The Centre for Genomic Applications (TCGA), Delhi, has generated genetic information on over 4,000 genetic markers from over 1,000 biomedically important and pharmacogenetically relevant genes in reference populations encompassing diversity of populations from across the country.
TCGA is a joint venture between between the IGIB, a CSIR organization which is supported by the Department of Science and Technology (DST) and IMM-The Chatterjee Group. The latter is headed by Indian-born entrepreneur Dr Purnendu Chatterjee, who has also been the founding shareholder of Haldia Petrochemicals in West Bengal.

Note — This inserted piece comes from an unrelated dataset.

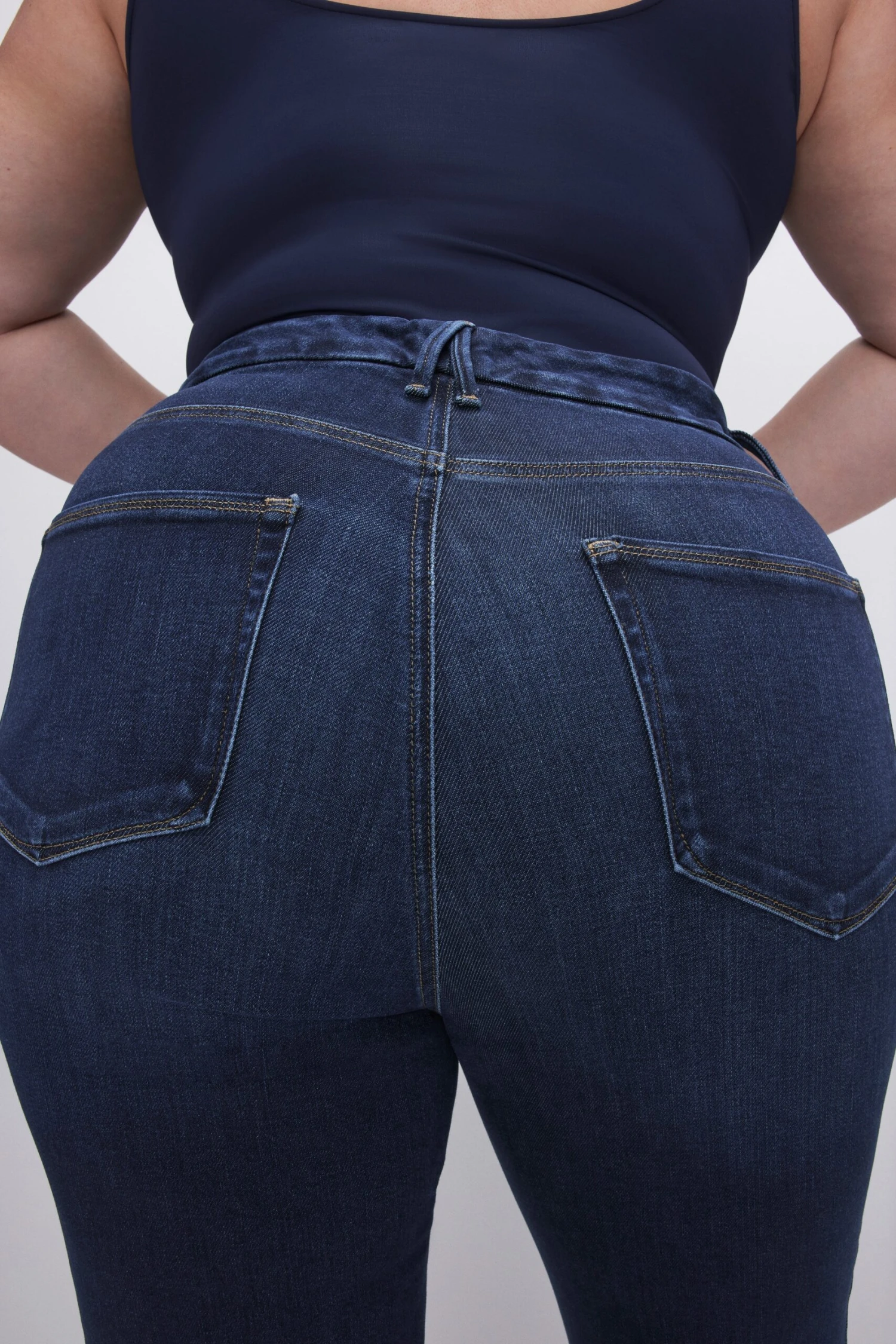 Super sexy high-rise jeans with a long slim fit featuring modern bootcut legs. Good Legs are the body-hugging, booty shaping jeans of your dreams. Crafted from our innovative SoftTech Denim, they deliver unparalleled softness and unmatched lightness, creating an illusion as if you’re wearing nothing at all.

This collaborative project also involved the efforts of scientists and researchers drawn from six laboratories from the Council of Scientific and Industrial Research (CSIR), along with the Kolkata-based Indian Statistical Institute, and anthropologists from several institutes,
This project is, till date, the largest scientific endeavour in the country after the Indian Council of Agricultural Research's (ICAR) efforts that led to the green revolution in the 1970s. This is the first large scale comprehensive study of the structure of the Indian population. The ultimate goal is to create a DNA variation database of the people of India and make it available to researchers for understanding human biology with respect to disease predisposition, adverse drug reaction, population migration
The six CSIR institutions involved in this collaborative research are Centre for Cellular and Molecular Biology (CCMB), Hyderabad; Central Drug Research Institute (CDRI), Lucknow; Institute of Genomics and Integrative Biology (IGIB), Delhi; Indian Institute of Chemical Biology (IICB), Calcutta; Indian Institute of Toxicology Research (IITR), Lucknow, formerly known as Industrial Toxicology Research Centre (ITRC) and Institute of Microbial Technology (IMT), Chandigarh.
Revealing this at a press conference in New Delhi yesterday, union minister for science and technology, and earth sciences Kapil Sibal said that it would help in the construction of 'specific drug response / disease predisposition maps' to aid policy level decision making for drug dosage interventions and disease risk management, especially for complex as well as infectious diseases.
Prof Samir K Brahmachari, director general, CSIR, and the leader of this endeavour, said that this monumental study had resulted in a clear genetic profile of our population groups, explicitly indicating the strong association between genetic and linguistic profiles in India and that there were significant genetic differences in the frequencies of disease-associated genetic markers. This marks the second step after the Human Genome Project of the early part of this century.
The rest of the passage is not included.